In the minimalist “I Guess … ,” over walloping whiplike snares and celestial textures, Tay Sean challenges that culture of unquestioning complacency both at large and in the hip-hop community, and what he calls the empty pursuit for social-media “likes.” “They ascendant, I’m offended/’Cause what they represented wasn’t sevens” he says, referencing the sacred symbolism the number holds in a plethora of world cultures and religions. “Your social life’s a popularity contest at best,” he chides.

Tay Sean, naturally an inward-looking truth-seeker, grew up a Jehovah’s Witness. Although he and his family have long since left the flock, the faith’s promise of a coming “paradise Earth” stuck with him. “I thought, ‘Oh, that’s a beautiful story!’ ” Tay Sean says. “But how do I get that spiritual experience firsthand? It’s some guy on a fucking podium telling you that’s what it is. But via yogic meditation, I’ve felt things I have not ever felt before. After about an hour of doing this shit, I’ll feel a strong vibration going right through my body. I don’t know what the fuck that is, but I’ve felt it—it’s a physical thing, like a lawnmower whirring in my chest.”

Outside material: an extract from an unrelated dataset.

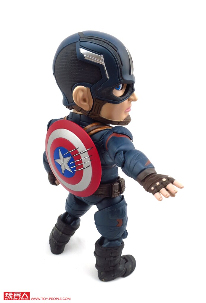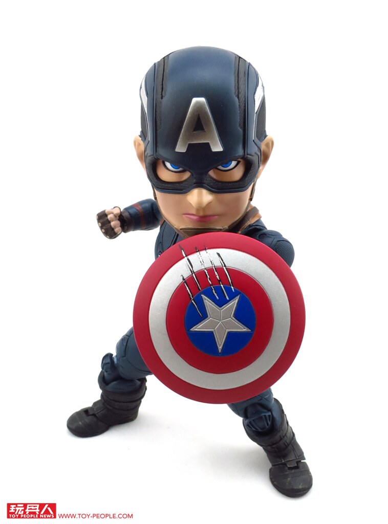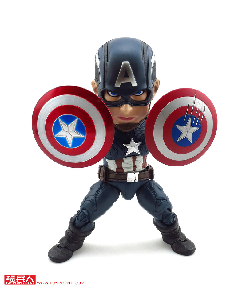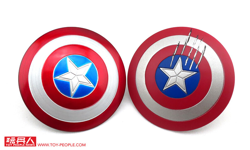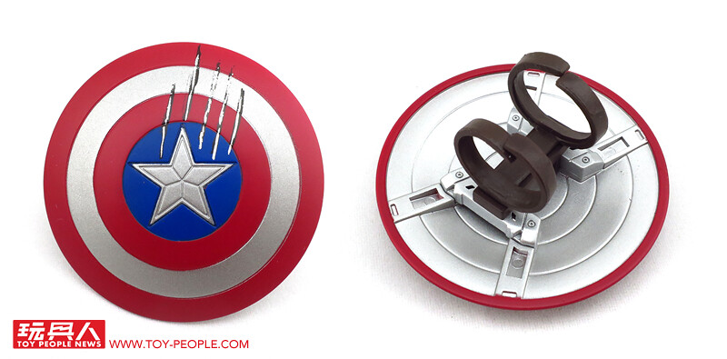 ▼ 附屬的戰損版美國隊長之盾,可還原劇中盾牌被黑豹的釩合金銳爪刮花的經典場景,當然,盾牌內側的帶子也能固定在人偶的手臂上。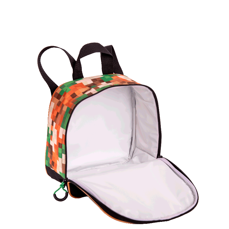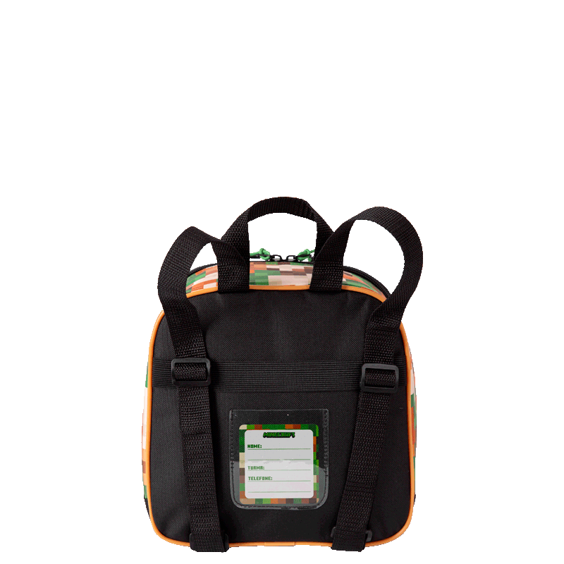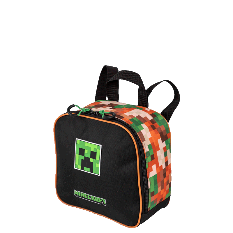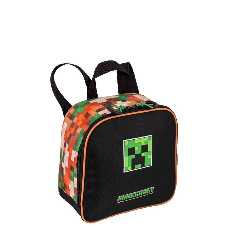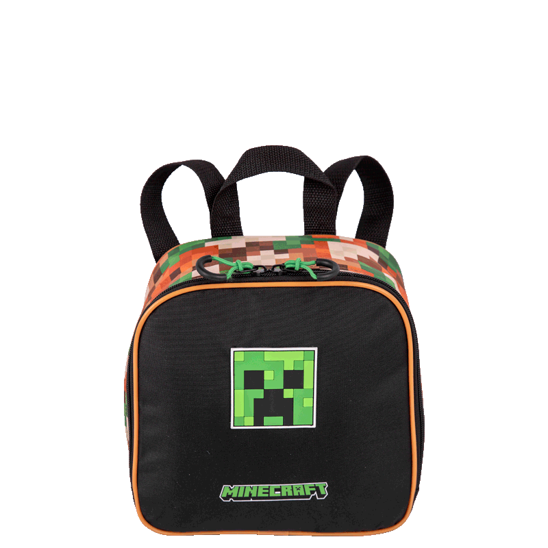 O painel frontal em poliéster é decorado com elementos icônicos do universo Minecraft, tornando a lancheira ainda mais atraente. Para facilitar o acesso aos itens, há um bolso de acesso rápido, perfeito para guardar pequenos objetos.

Tay Sean attempts to translate that transcendental energy into language and sound on “Kathedral Spectre.” The song’s deft, ever-changing funk bassline, accompanied by disembodied sonic pulses, mimics the vibrational nature of the waves Tay Sean felt—waves he believes serve as one key to triangulating something close to a universal truth: “A lost and found power source flowing/A pinwheel in the middle of my ribcage/It flow through, it don’t come from/A new beat on an old drum,” he intones before the song rips open into a blistering synth solo, screeching like a meteorite.

During our conversation on Beacon Hill, as I attempt to pinpoint the center of Tay’s complex ontology, he touches on everything from electromagnetic fields and scientific studies on the reality-shifting potential of human intention to the multidimensional nature of the universe, string theory, the collective unconsciousness, ying and yang energies, the SETI Institute, and the curious state between waking and sleeping. But at the end of it all, Tay finally boils it down to its core.

“I think me, you, all of us, we just need to be better, man,” he says. “I think it’s interesting just to visualize, what the fuck are the next things, the good things, we could be moving towards? Evolving towards? Where are we going? Because right now, our society has disconnected from the sacred—we don’t care, and I think that lack of concern is one of the root causes of evil in this world. I just want us to realize our potential as beings. I just want to know what humans are really capable of.”